= Beginning of Section =
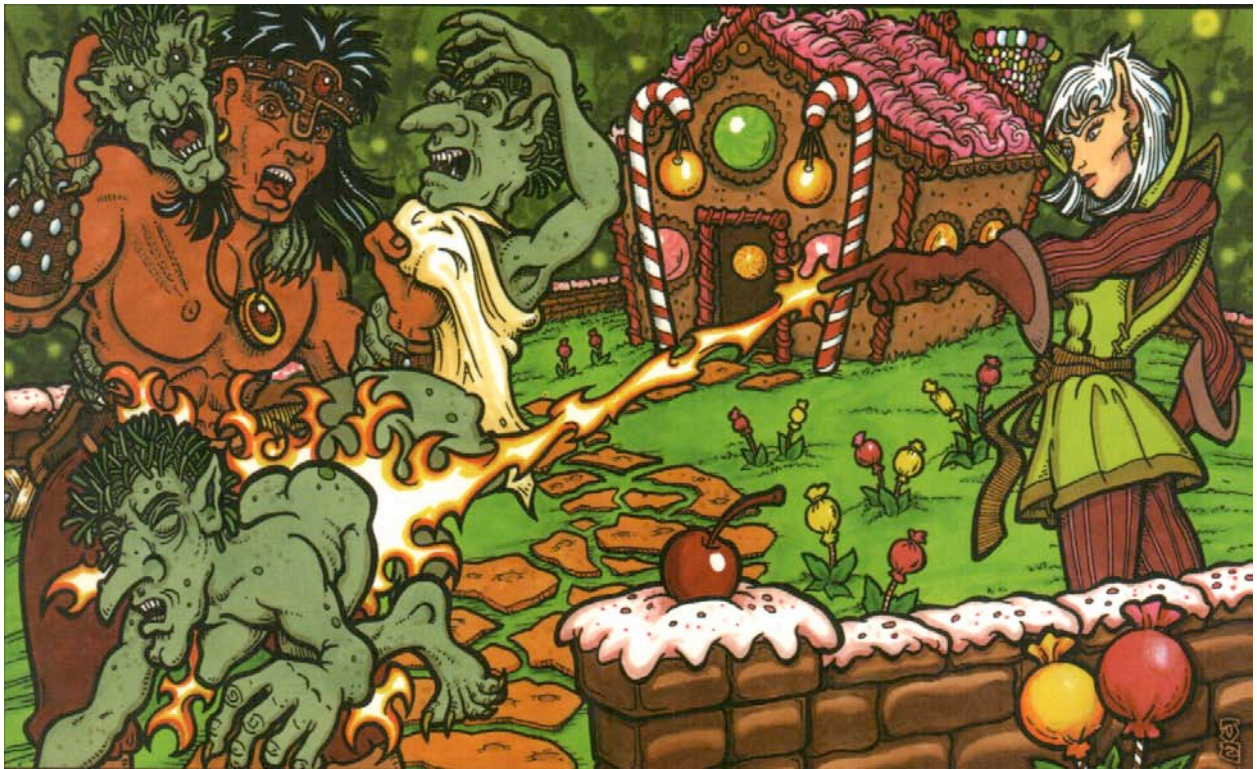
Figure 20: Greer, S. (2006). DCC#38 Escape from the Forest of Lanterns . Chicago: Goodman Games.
= End of Section =
= Beginning of Section =
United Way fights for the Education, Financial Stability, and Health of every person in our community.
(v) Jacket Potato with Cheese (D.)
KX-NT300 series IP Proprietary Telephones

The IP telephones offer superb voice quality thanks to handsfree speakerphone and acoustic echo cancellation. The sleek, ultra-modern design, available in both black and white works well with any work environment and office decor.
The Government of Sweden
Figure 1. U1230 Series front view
= End of Section =
= Beginning of Section =
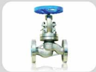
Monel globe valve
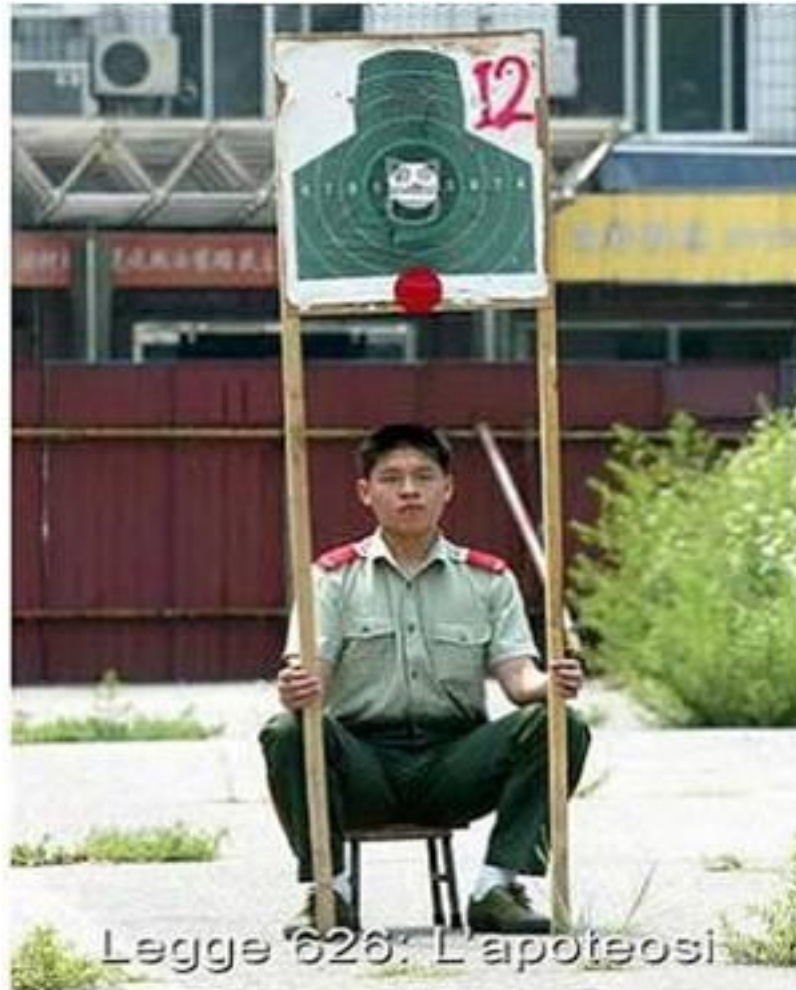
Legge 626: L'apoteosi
= End of Section =
— Problem —
Each line of the data that contains "with" belongs in the answer.

— Expected answer —
(v) Jacket Potato with Cheese (D.)
The IP telephones offer superb voice quality thanks to handsfree speakerphone and acoustic echo cancellation. The sleek, ultra-modern design, available in both black and white works well with any work environment and office decor.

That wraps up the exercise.